Cheap Eats 2007: Myanmar

Reviewed by Cynthia Hacinli , Michele Kayal , Todd Kliman , Ann Limpert , Don Rockwell

Myanmar

7810-C Lee Highway
Falls Church, VA
Phone: 703-289-0013

Cuisines:
Burmese, Vegetarian/Vegan

Opening Hours:

Wheelchair Accessible:
No

Nearby Metro Stops:
Dunn Loring-Merrifield

Price Range:
Inexpensive

Dress:
Informal

Noise Level:
N/A

Reservations:
Not needed

Best Dishes
Tea-leaf salad; ginger salad; shrimp-and-bean-sprout salad; gram-fritter salad; onho kaukswe; mohingar; chili belly pork

Price Details:
Appetizers $5 to $7, entrées $8 to $11.


If the prospect of soup and salad doesn’t inspire you, then this bare-walled Burmese cafe might surprise you. If you were to feast on nothing but the mohingar (a fish-flavored soup spooned over noodles and spritzed with lime) or the ohno kaukswe (a terrific chicken soup thickened with coconut milk) and any of the intricately layered salads—20 in all, including a marvelous green-tea-leaf salad—you would leave happy. And full.

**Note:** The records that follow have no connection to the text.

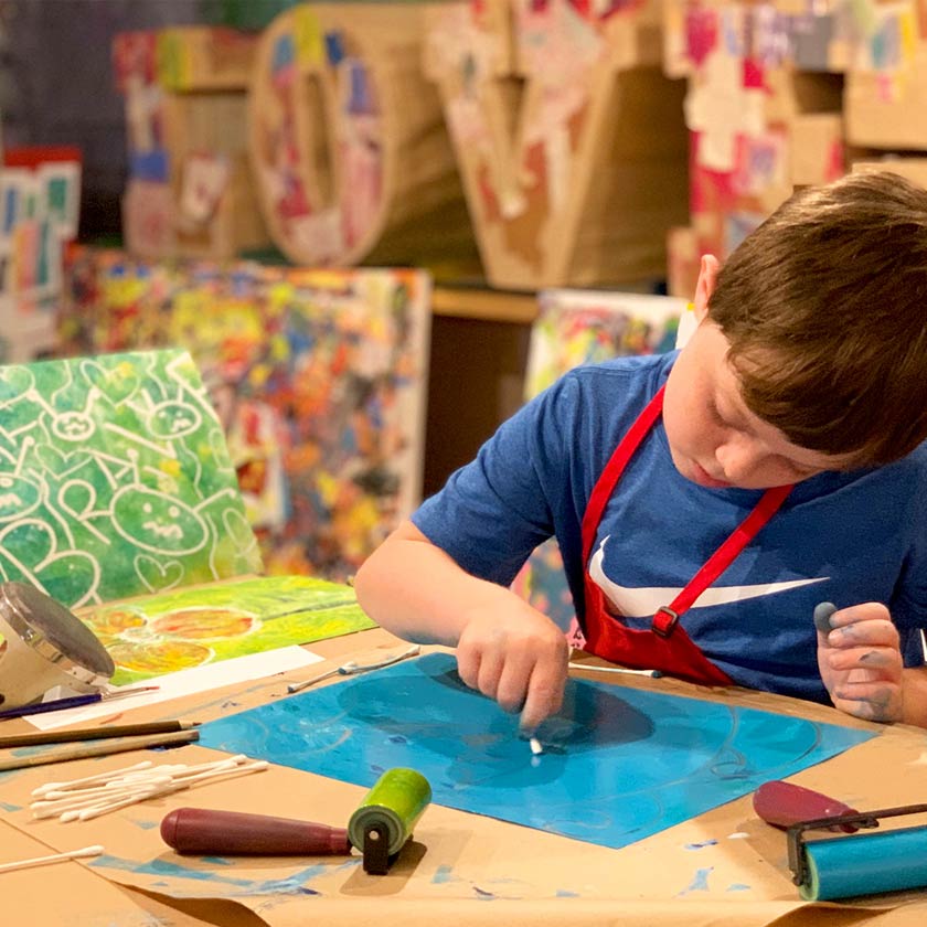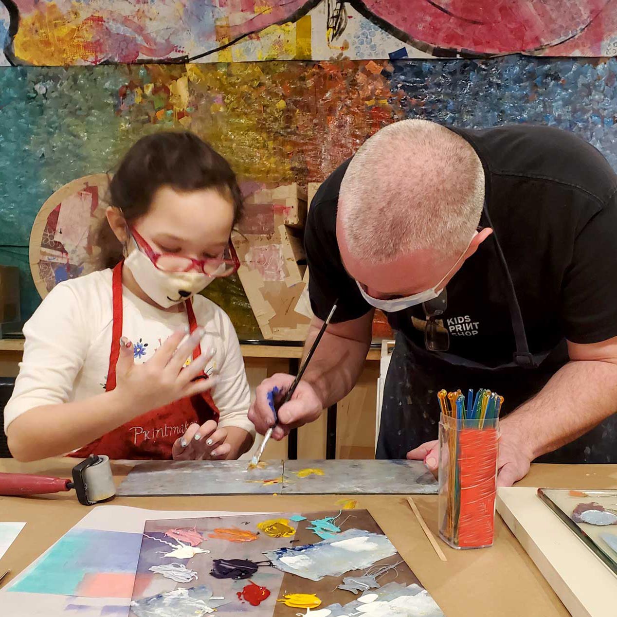 Get your hands on our kid-friendly printing press and whip up some seriously cool prints (using ink and paper). We'll be your trusty guides, showing you all the tools & techniques. It's a wild ride and an epic mess - you and your child will have an absolute blast!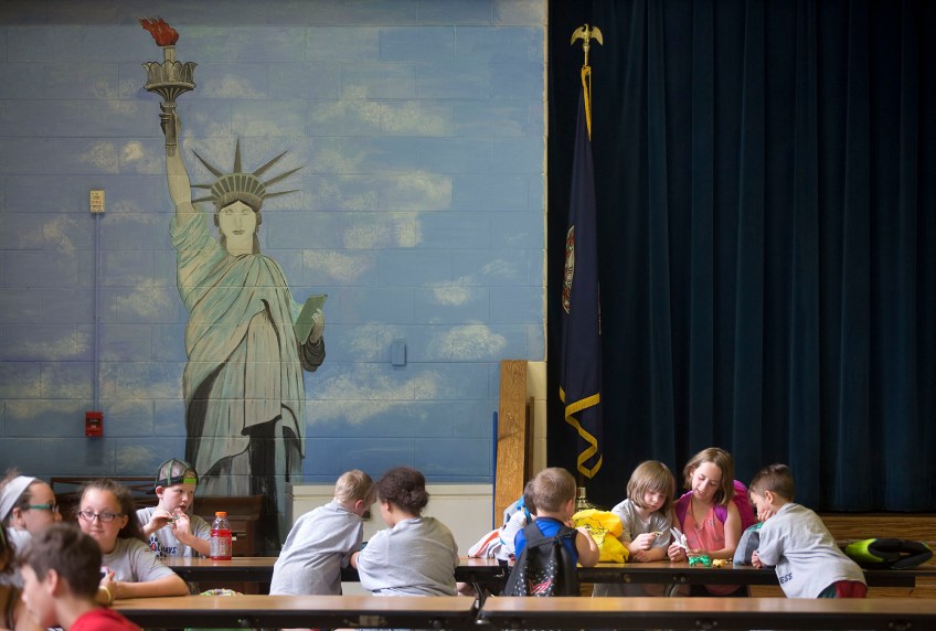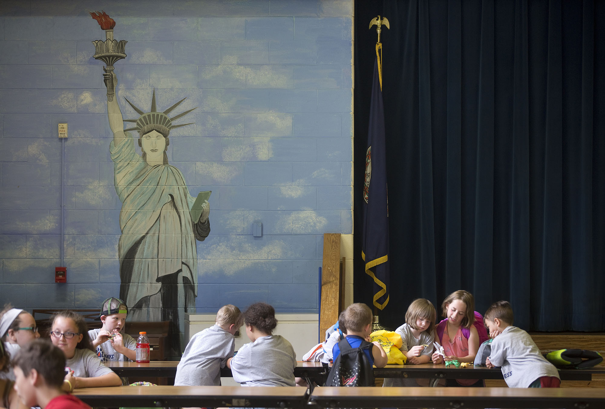 nps-006-coalfieldschools11 Published March 18, 2018 at 2000 × 1351 in 2017 POY-VA News Picture Story Students at Appalachia Elementary School wait in the cafeteria for their school bus to take them home at the end of the day on Wednesday, May 17, 2017.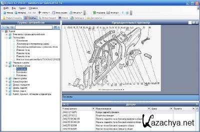 Система каталогов запчастей на компакт-диске. Содержит каталоги по: легковым и грузовым автомобилям, мототехнике, автобусам, тракторам, сельхозтехнике, спецтехнике, дорожно-строительной технике, двигателям. Это компьютерная База Данных с информацией об устройстве автомобилей от крупных узлов и агрегатов до запчастей с их кодами, наименованиями и графическими изображениями.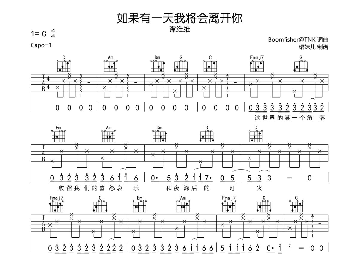 谭维维《如果有一天我将会离开你》吉他谱 - C调弹唱六线谱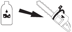 | The bar should be turned daily for more even wear. Check the lubrication hole in the bar, to be sure it is not clogged. Clean the bar groove. If the bar has a sprocket tip, this should be lubricated. | Lubricate the clutch drum bearing. | Clean the outside of the carburetor. |
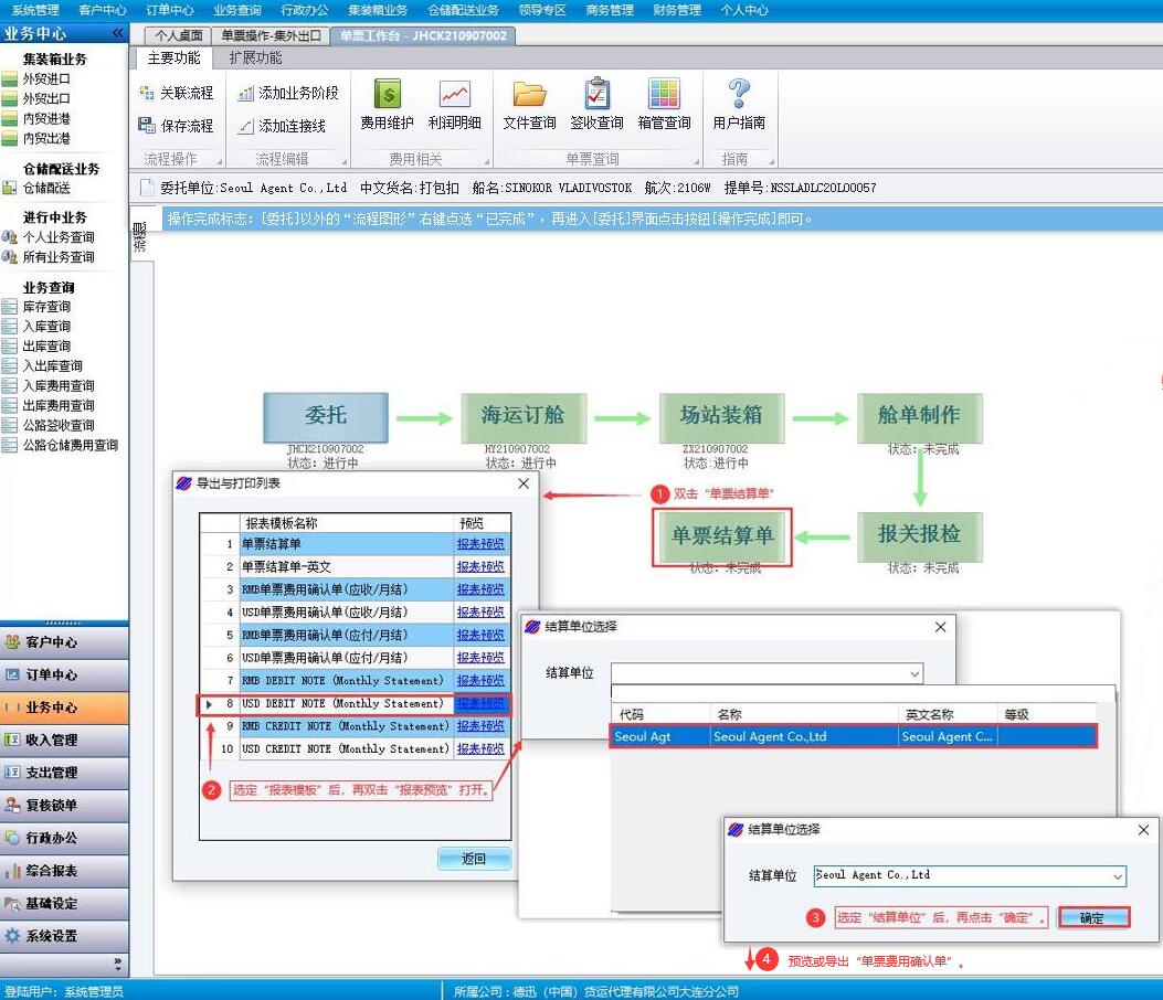 航运通软件内置了“RMB/USD费用确认单(应收/应付-中英文)”表单模板,用户可通过 [工作台-单票结算单/单船结算单]操作使用。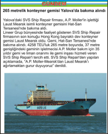 Lineer Grup bünyesinde faaliyet gösteren SVS Ship Repair firmasının son konuğu Hong Kong bayraklı dev konteyner gemisi Laust Mearsk oldu. Gemi, Hat-San Tersanesi’nde bakıma alındı. 4258 TEU’luk 265 metre boyunda, 37 metre genişliğindeki geminin işletmecisi A.P. Moller bakım için 35 yıldır gemi ve liman onarımı ile gemi inşası hizmeti veren SVS Ship Repair’i tercih etti. SVS Ship Repair’den yapılan açıklamada, “A.P. Moller-Mearsk’dan Laust Mearsk’ı ağırlamaktan gurur duyuyoruz” denildi.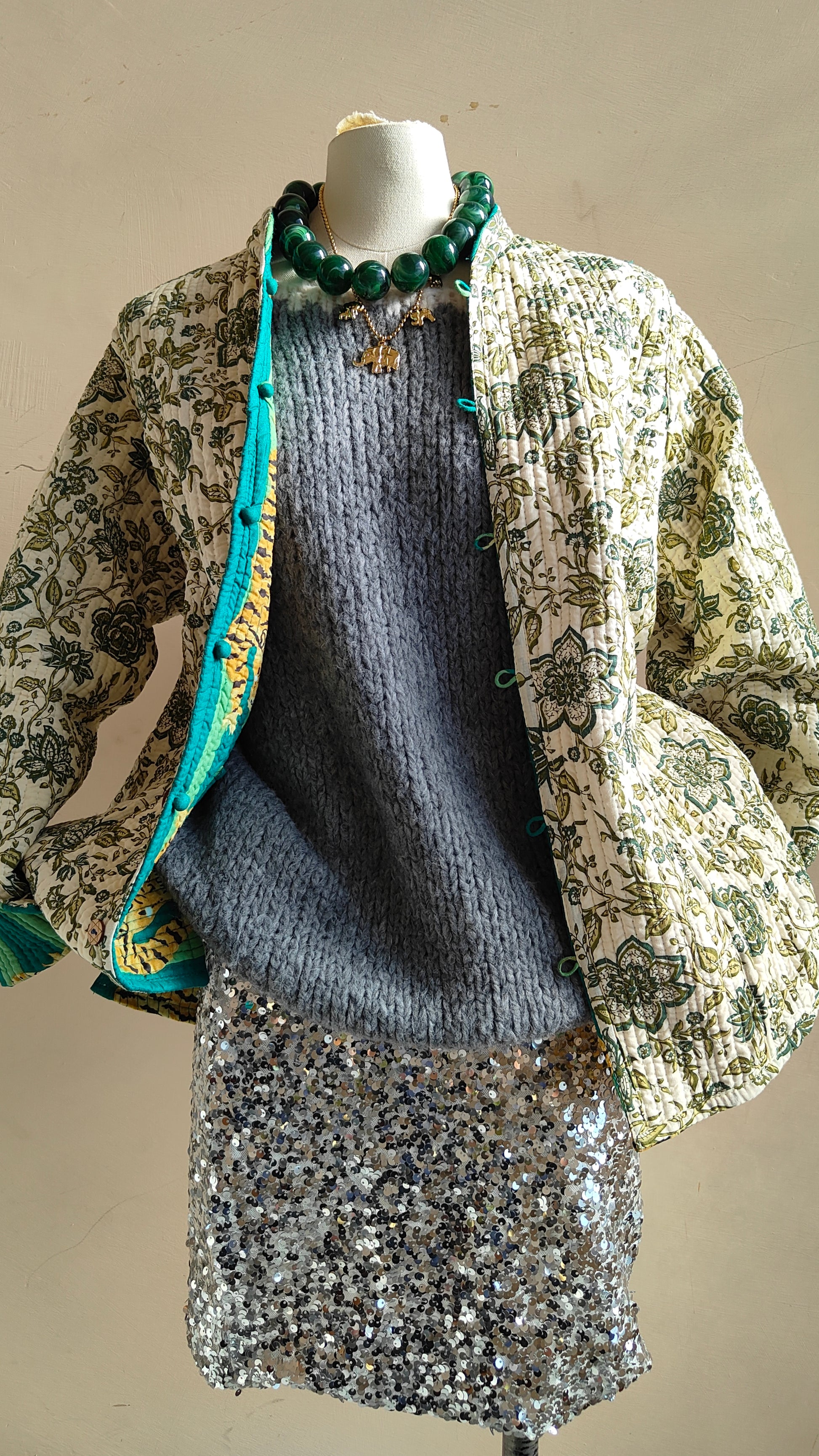 La linea morbida e il tessuto leggermente trapuntato la rendono perfetta per la mezza stagione. Indossarla aperta su un abito o stringi in vita con una cintura per un look più definito.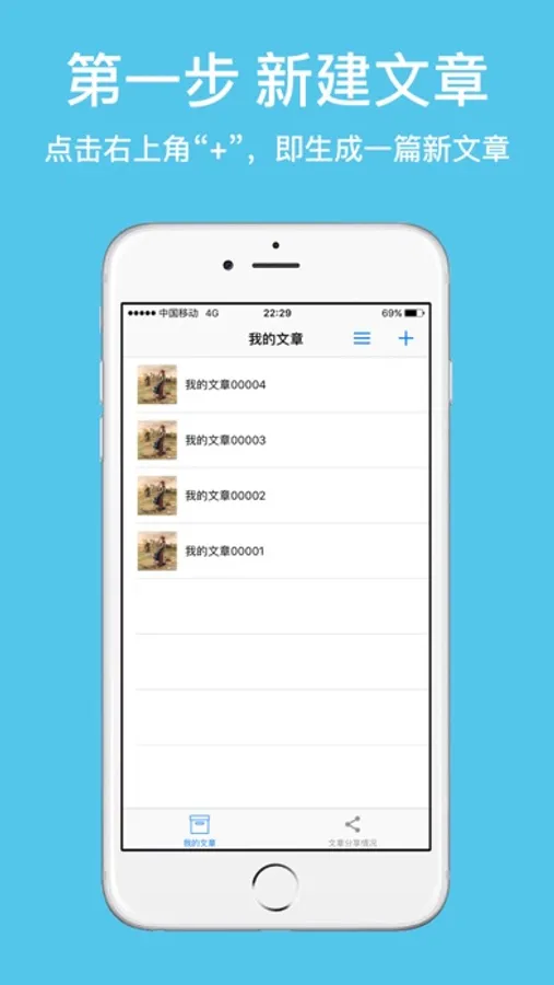 点击右上角“+”号,选择“新建文章”,就生成了一篇新的文章。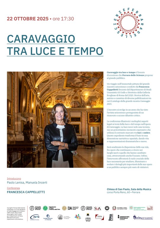 Caravaggio tra luce e tempo è l’evento d’eccezione che Ferrara delle Scienze propone al grande pubblico. Un viaggio nell’immortale pittura del grande maestro seicentesco condotto da Francesca Cappelletti Docente del Dipartimento di Studi Umanistici di Unife e Direttrice della Galleria Borghese di Roma dal 2020. Storica dell’arte, autrice e curatrice di diverse pubblicazioni tra cui il catalogo della grande mostra Caravaggio 2025.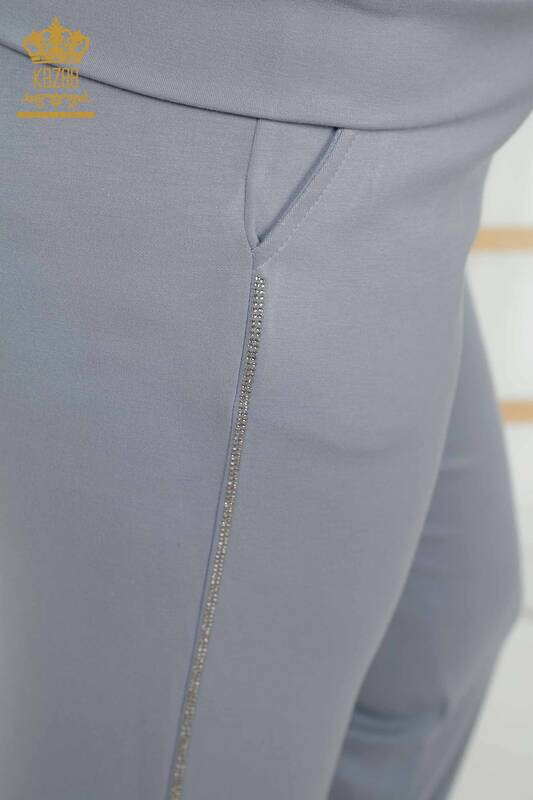 Set di tute da donna all'ingrosso a maniche corte con tasca ricamata in pietra blu - 20393 | KAZEE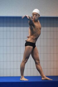 1位は、メンズカップなどの国際大会で過去2回の優勝経験がある、32歳の安部篤史選手(トゥリトネス水泳部)が、77.167で獲得。持ち前の表現力で、他を圧倒しました。2位には井村シンクロクラブの島井競生選手が68.333で入り、大分シンクロクラブのショーン先右選手が61.000で3位となりました。

But then you’d miss out on the slow-cooked pork with jackfruit (an Asian vegetable that tastes something like artichoke) in a curry laced with ginger, cumin, and red chilies; shrimp bathed in a chili sauce that’s both tangy and fiery; and the stir-fry of curried pork with mango, which adds a backnote of musky sweetness to the onion-based sauce. If there’s a dish that best encapsulates a cuisine that draws from the flavors of neighboring India, China, and Thailand yet resembles nothing so much as itself, it might be the wonderful chicken with spicy cumin curry: It looks Indian, tastes vaguely Szechuan, and defies categorization.

Shweji, the best of the desserts, is just as hard to pin down. It’s like eating rice pudding, custard pie, and caramel all in one.

Open daily except Monday for lunch and dinner.